The $J_{L,j}^{(\gamma ,\eta )}(x)$ satisfies the following orthogonality relation

$\begin{array}{ll}{\displaystyle {\int }_0^L}{J}_{L,j}^{(\gamma ,\eta )}(x)J_{L,i}^{(\gamma ,\eta )}(x)w_L^{(\gamma ,\eta )}(x)dx={\delta }_{ji}{h}_{L,i}^{(\gamma ,\eta )},& (7)\end{array}$

where $w_L^{(\gamma ,\eta )}(x)=x^{\eta }{(L-x)}^{\gamma }$ is the weight function, and

$\begin{array}{ll}{h}_{L,i}^{(\gamma ,\eta )}=\frac{L^{1+\gamma +\eta }\Gamma (i+1+\gamma )\Gamma (i+1+\eta )}{(2i+1+\gamma +\eta )i!\Gamma (i+1+\gamma +\eta )}.& (8)\end{array}$

The following Jacobi-Gauss quadrature rule is commonly used to approximate the previous integrals

$\begin{array}{ll}{\displaystyle {\int }_0^L}\phi (x)w_L^{(\gamma ,\eta )}(x)dx={\displaystyle \sum _{i=0}^N}{\varpi }_{G,L,i}^{(\gamma ,\eta )}\phi (x_{G,L,i}^{(\gamma ,\eta )}),\forall \phi \in P_{2N+1}(\Lambda ),& (9)\end{array}$

where P_N(Λ) is any sequence of polynomials of degree not exceeding N, ${\varpi }_{G,L,i}^{(\gamma ,\eta )}$ and $x_{G,L,i}^{(\gamma ,\eta )}(0\le i\le N)$ are the shifted Jacobi Gauss wights and nodes in Λ, respectively.

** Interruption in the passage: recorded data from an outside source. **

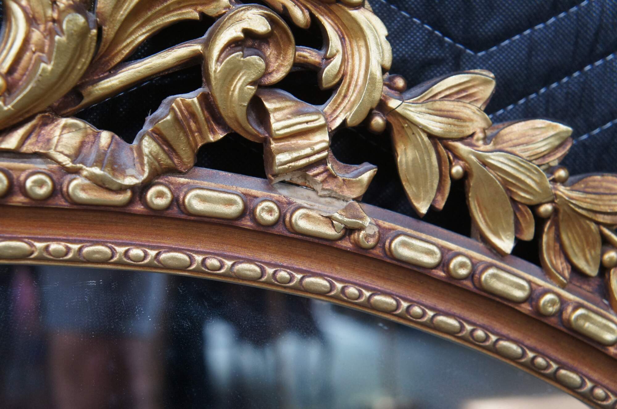 Mid 20th Century T. Eaton & Co oval wall hanging mirror. Neoclassical inspired with ribboned accents and foliate detail. Made from wood and gesso.
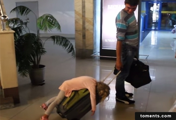 ▲出國累到趴,爸爸扛回家~
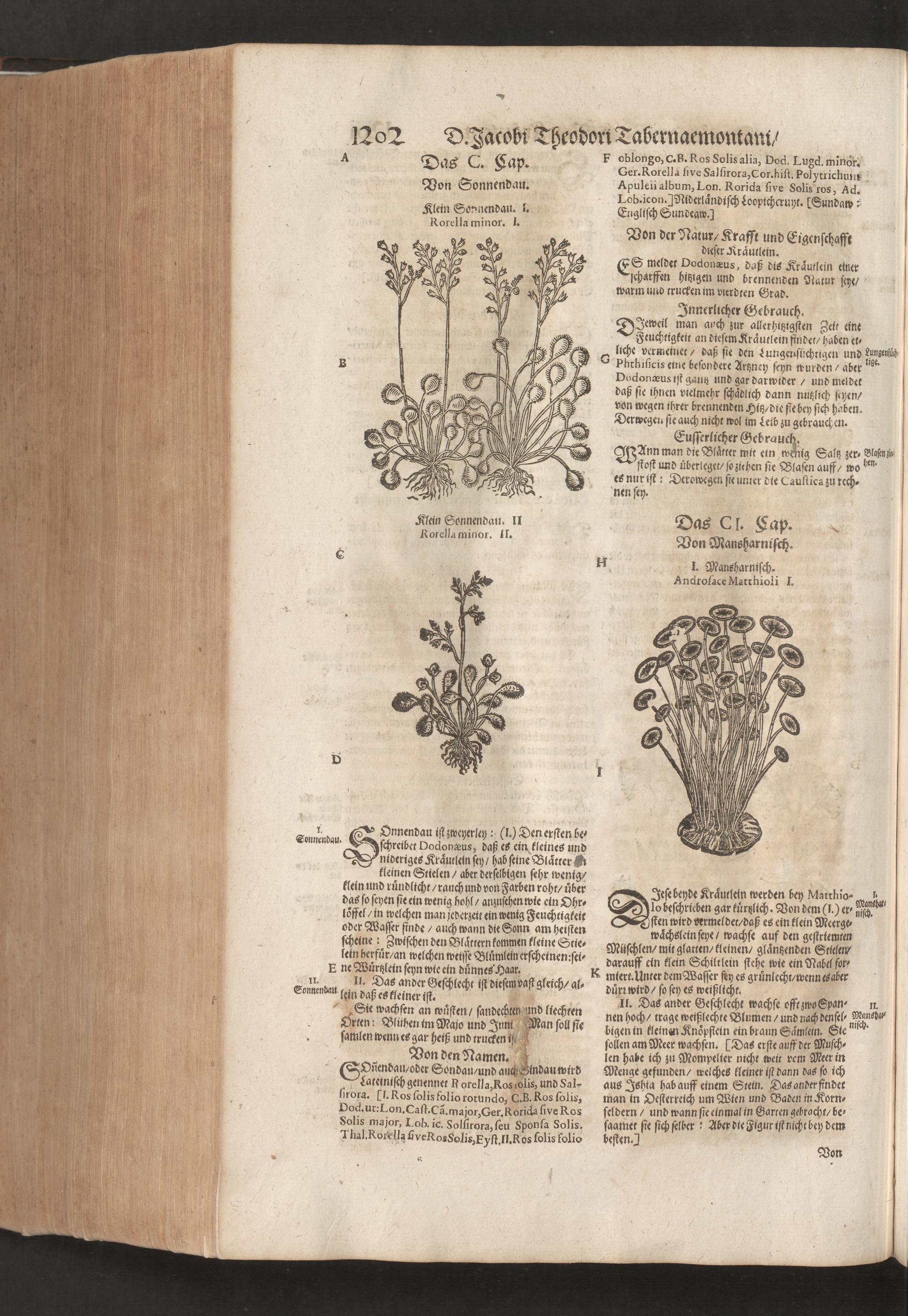 D. Jacobi Theodori Tabernaemontani, Neu vollkommen Kräuter-Buch : Darinnen Uber 3000. Kräuter/ mit schönen und kunstlichen Figuren/ auch deren Underscheid und Würckung/ samt ihren Namen in mancherley Sprachen/ beschrieben: Desgleichen auch/ wie dieselbige in allerhand Kranckheiten/ beyde der Menschen und des Viehs/ sollen angewendet und gebraucht werden/ angezeigt wird. Erstlichen durch Casparum Bauhinum D. und Profess. Basil. mit vielen neuen Figuren/ nutzlichen Artzneyen/ und anderem/ mit sonderem Fleis gebesseret/ Zum Andern Durch Hieronymum Bauhinum D. und Profess. Basil. mit sehr nutzlichen Marginalien, Synonimis, neuen Registeren und anderem vermehrt
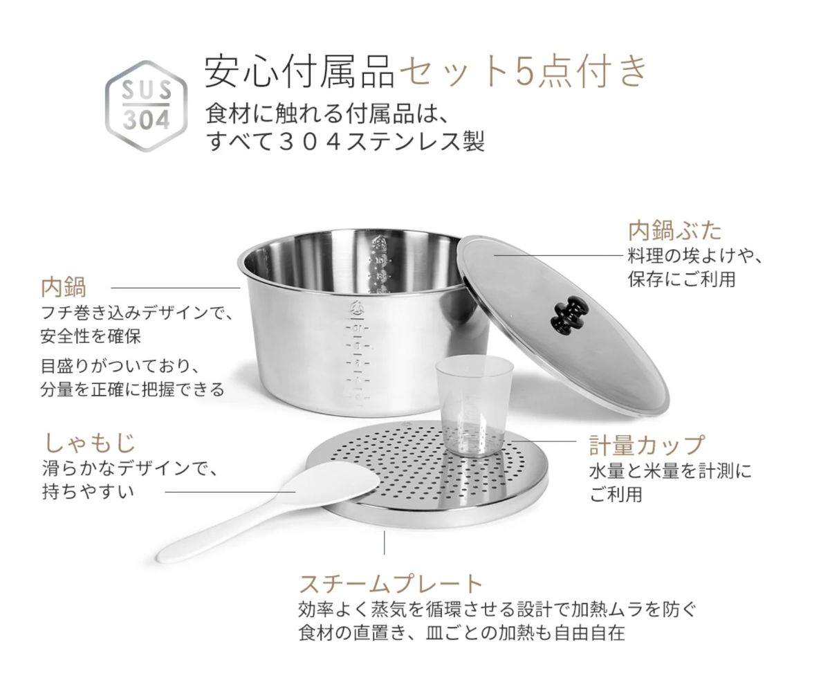 ▲炊飯と蒸し料理が同時にできる付属品もセット。もちろん、炊飯や煮込みだけもできるので、一台あればかなりの料理がまかなえる
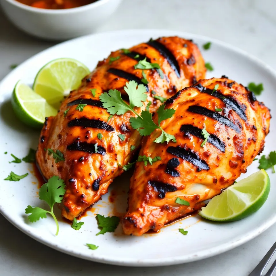 Preheat your grill to medium-high heat. Brush the grill grates with oil to prevent sticking. Take the chicken from the marinade. Let the extra marinade drip off and discard it. Place the chicken on the grill. Grill each side for about 6 to 7 minutes. You want the internal temperature to reach 165°F. Look for nice grill marks on the chicken. Once done, move the chicken to a clean plate. Let it rest for 5 minutes to keep it juicy. Slice the chicken or keep it whole. Garnish with fresh cilantro and serve with lime wedges. Enjoy your meal!

For the shifted Jacobi-Gauss: The weights are given by

$\begin{array}{ll}{\varpi }_{G,L,i}^{(\gamma ,\eta )}=\frac{C_{L,N}^{(\gamma ,\eta )}}{(L-x_{G,L,i}^{(\gamma ,\eta )})x_{G,L,i}^{(\gamma ,\eta )}{\left[{\partial }_x{J}_{N+1}^{(\gamma ,\eta )}(x_{G,L,i}^{(\gamma ,\eta )})\right]}^2},0\le i\le N,& (10)\end{array}$

where

$\begin{array}{l}{C}_{L,N}^{(\gamma ,\eta )}=\frac{L^{\gamma +\eta +1}\Gamma (N+\gamma +2)\Gamma (N+\eta +2)}{(N+1)!\Gamma (N+\gamma +\eta +2)},\end{array}$

and the nodes $x_{G,L,i}^{(\gamma ,\eta )}(0\le i\le N)$ are the zeros of $J_{L,N+1}^{(\gamma ,\eta )}(x).$

Lemma 2.1. (see [42]) The q times differentiation of the Jacobi polynomials $J_{L,j}^{(\gamma ,\eta )}(x)$ are given by

$\begin{array}{ll}{D}^q{J}_{L,j}^{(\gamma ,\eta )}(x)={\displaystyle \sum _{i=0}^{j-q}}{A}_q(j,i,\gamma ,\eta )J_{L,i}^{(\gamma ,\eta )}(x),q\in {\mathbb{N}}^{+},& (11)\end{array}$

where

$\begin{array}{l}{A}_q(j,i,\gamma ,\eta )=\frac{{(\lambda +j)}_q{(j+q+\lambda )}_i{(q+1+i+\gamma )}_{j-i-q}\Gamma (i+\lambda )}{L^q(j-q-i)!\Gamma (\lambda +2i)}\\ {\times }_3{F}_2\left(\begin{array}{cccc}q+i-j,& i+q+\lambda +j,& 1+i+\gamma & \\ & & & ;1\\ q+i+1+\gamma ,& 2i+1+\lambda & & \end{array}\right),& (12)\end{array}$

where (·)_i is the Pochhammer symbol, λ = γ + η + 1, and ₃F₂ is the generalized hypergeometric function.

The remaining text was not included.